Sequencing methods permitting simultaneous detection of transcripts with different sizes and structures reveal a human transcriptome dominated by noncoding RNA. (A) Schematic of the human genome illustrating the predicted size distribution of different classes of RNA (size range based on Ensembl annotations shown in parentheses). (B) Distribution of RNA in the human transcriptome as detected by different sequencing methods. The RNA was extracted from the ovarian cancer model cell line SKOV3ip1 and subjected to different sequencing protocols using different RNA selection methods and reverse transcriptases including size-selected viral reverse transcriptase sequencing (SSV), unfragmented, ribodepleted RNA TGIRT-seq (URT), fragmented poly(A) selected viral reverse transcriptase sequencing (FAV), fragmented ribodepleted viral reverse transcriptase sequencing (FRV), fragmented ribodepleted RNA TGIRT-seq (FRT). The intended target of the different methods is indicated above the method names. The results are shown in the form of pie charts illustrating the distribution of RNA abundance in counts per million (CPM) or transcripts per million (TPM). The results are the average of two biological replicates. The percentage of the main classes (≥2%) is indicated. The color legend for the different RNA classes is shown at the bottom. (C) Comparison between the capacity of viral and group II intron-encoded RTs to predict the abundance of noncoding RNA. The noncoding RNA abundance obtained by the viral RT- or TGIRT-based sequencing methods FRV or FRT was plotted against established estimates of the number of molecules per cell for each biotype (Tycowski et al. 2006). Pearson and Spearman coefficients are indicated at bottom. A legend of the different classes of noncoding RNA and the number of genes considered from each type tested is shown in the middle.
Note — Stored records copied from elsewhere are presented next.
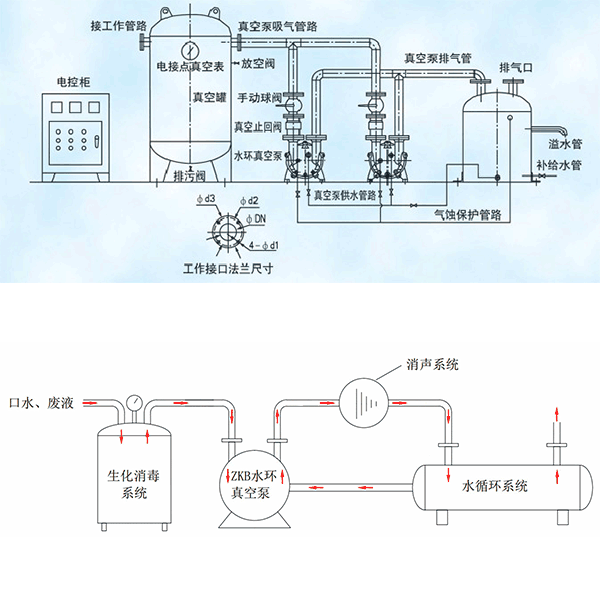 負(fù)壓吸引系統(tǒng)由中心吸引站、吸引管道、負(fù)壓吸引終端等組成。吸引系統(tǒng)的負(fù)壓源是中心吸引站的真空泵機(jī)組通過真空泵機(jī)組的抽吸,使吸引系統(tǒng)管路達(dá)到所需負(fù)壓值,在手術(shù)室、搶救室和各個(gè)病房終端處產(chǎn)生吸力供醫(yī)療使用。 中心吸引站有真空泵、真空罐、負(fù)壓自動(dòng)控制柜、報(bào)警器、排污罐、負(fù)壓管道和終端等組成。真空泵一般設(shè)置2臺(tái),一用一備,保證工作不間斷。真空罐是儲(chǔ)存負(fù)壓的容器,防止真空泵頻繁起動(dòng)。負(fù)壓自動(dòng)控制柜能分別對兩機(jī)組進(jìn)行手動(dòng)控制和自動(dòng)控制啟、停,達(dá)到自動(dòng)切換。當(dāng)壓力達(dá)到報(bào)警壓力值時(shí),進(jìn)行聲光報(bào)警,其報(bào)警壓力下限為-0.073MPa,上限-0.019MPa。停電后自動(dòng)投入運(yùn)行。排污罐用于存放吸引管道系統(tǒng)內(nèi)的污物,定期排放。報(bào)警器安裝在值班室內(nèi),其聲光報(bào)警在60dBa噪聲的環(huán)境下,在1.5m范圍可聽到看到。 中央負(fù)壓系統(tǒng)RVM是由一臺(tái)或多臺(tái)旋片式真空泵、真空儲(chǔ)氣罐、汽水分離器、過濾器(多個(gè))、PLC電氣控制箱等配置組成,通過PLC電器控制箱系統(tǒng)可實(shí)現(xiàn)自動(dòng)/手動(dòng)控制、故障報(bào)警,最經(jīng)濟(jì)節(jié)能的保證系統(tǒng)持續(xù)供氣。 真空系統(tǒng)采用二級過濾:第一級為油、灰塵、雜質(zhì)過濾,第二級為細(xì)菌過濾。VC系列真空泵是該系統(tǒng)的主要用泵,具有結(jié)構(gòu)緊湊、能耗低、噪音低、真空穩(wěn)定、震動(dòng)小。與水環(huán)泵相比更具有環(huán)保、節(jié)能、操作簡單及維護(hù)方便等特點(diǎn)??稍?.5mbar(絕對壓力)和10mbar(絕對壓力)使用。同時(shí),該規(guī)格的真空泵可在密閉的空氣抽氣或長期的真空下使用。并可容忍少量的水蒸汽,但不能處理水、其他液體、腐蝕性氣體或蒸汽。 產(chǎn) 品 特 性
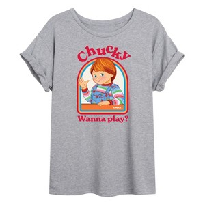 Chucky - Friendly, Wanna Play - Women's Oversized T-Shirt - Unleash the terror of a horror classic with Child’s Play graphic apparel, featuring chilling designs inspired by the infamous killer doll, Chucky. From his innocent beginnings to his most sinister moments, each piece captures the twisted humor and slasher thrills of the cult-favorite film. Perfect for horror fans who like their scares with a side of mischief, this collection brings the nightmare to life in bold, unforgettable style.
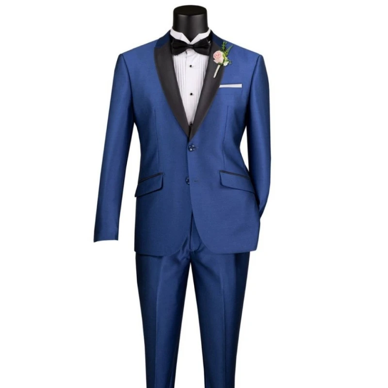Kim Simple Dark Blue Shawl Lapel Wedding Men Suits
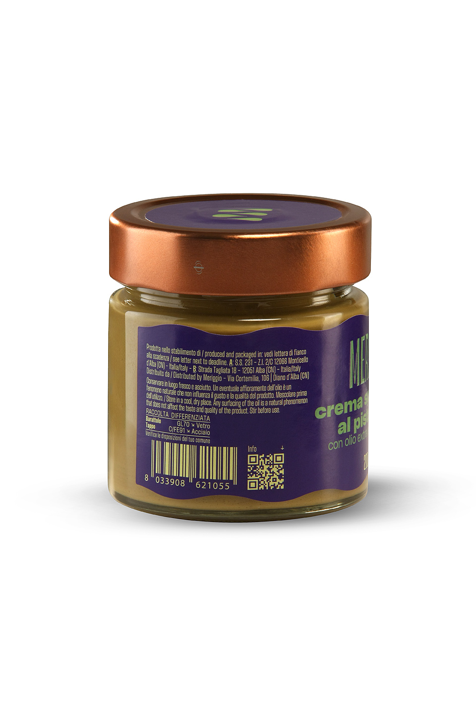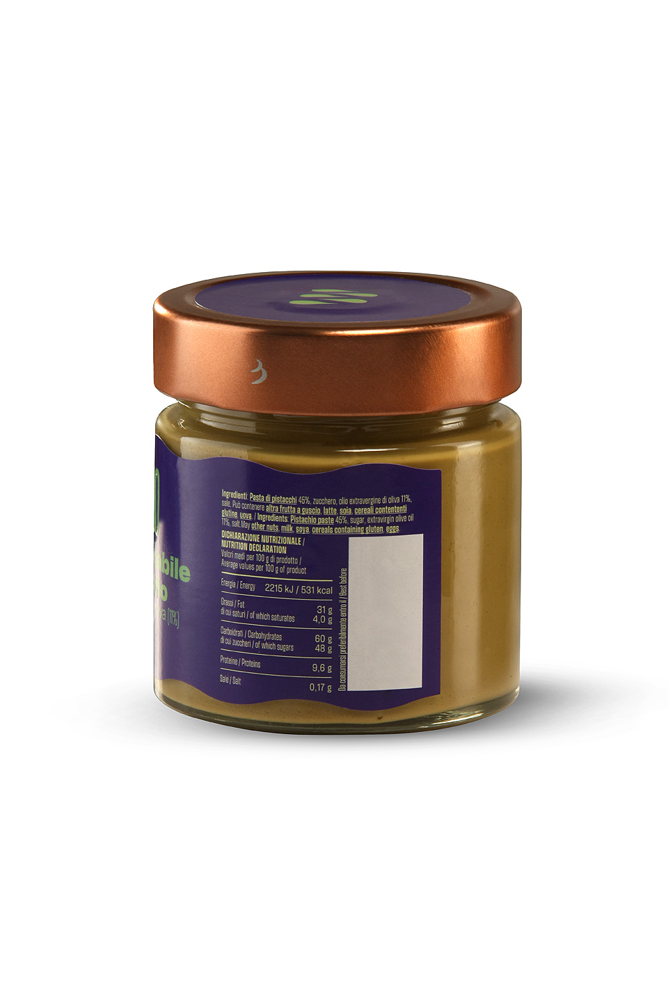 Pistacje (45%) cukier, 100% włoska oliwa Extra Virgin Meriggio (10%),

RNA used for preparing the SSV library was extracted using a mirVana kit but without a gel purification step, enabling the consideration of all RNA <200 nt in length (Deschamps-Francoeur et al. 2014). This method is expected to accurately detect uncapped RNA shorter than 200 nt. As expected, SSV data sets possessed few reads generated from protein-coding genes and instead were enriched in reads from noncoding RNAs (Fig. 1B, left panel). However, the reads generated from noncoding RNA were not appropriately distributed among the different classes of noncoding RNA nor within the same class of RNA. For example, while it is well established that tRNA is the most abundant RNA family in the cell, most reads (61% CPM and 70% TPM) corresponded to snoRNAs, the vast majority of which were mapped to box C/D snoRNA, while 6% of the reads originated from miRNAs, and only 3% originated from tRNAs, which are difficult for retroviral RTs to reverse transcribe. Bias in the detection of different RNAs using this method could also be explained by adapter ligation bias to RNA ends, especially the 5′ end in the case of capped RNA and by the difficulty of viral RTs in reverse transcribing sncRNAs. Thus, while size selection may enrich certain RNA species, its application to total untreated RNA is not sufficient to accurately detect all noncoding RNAs shorter than 200 nt.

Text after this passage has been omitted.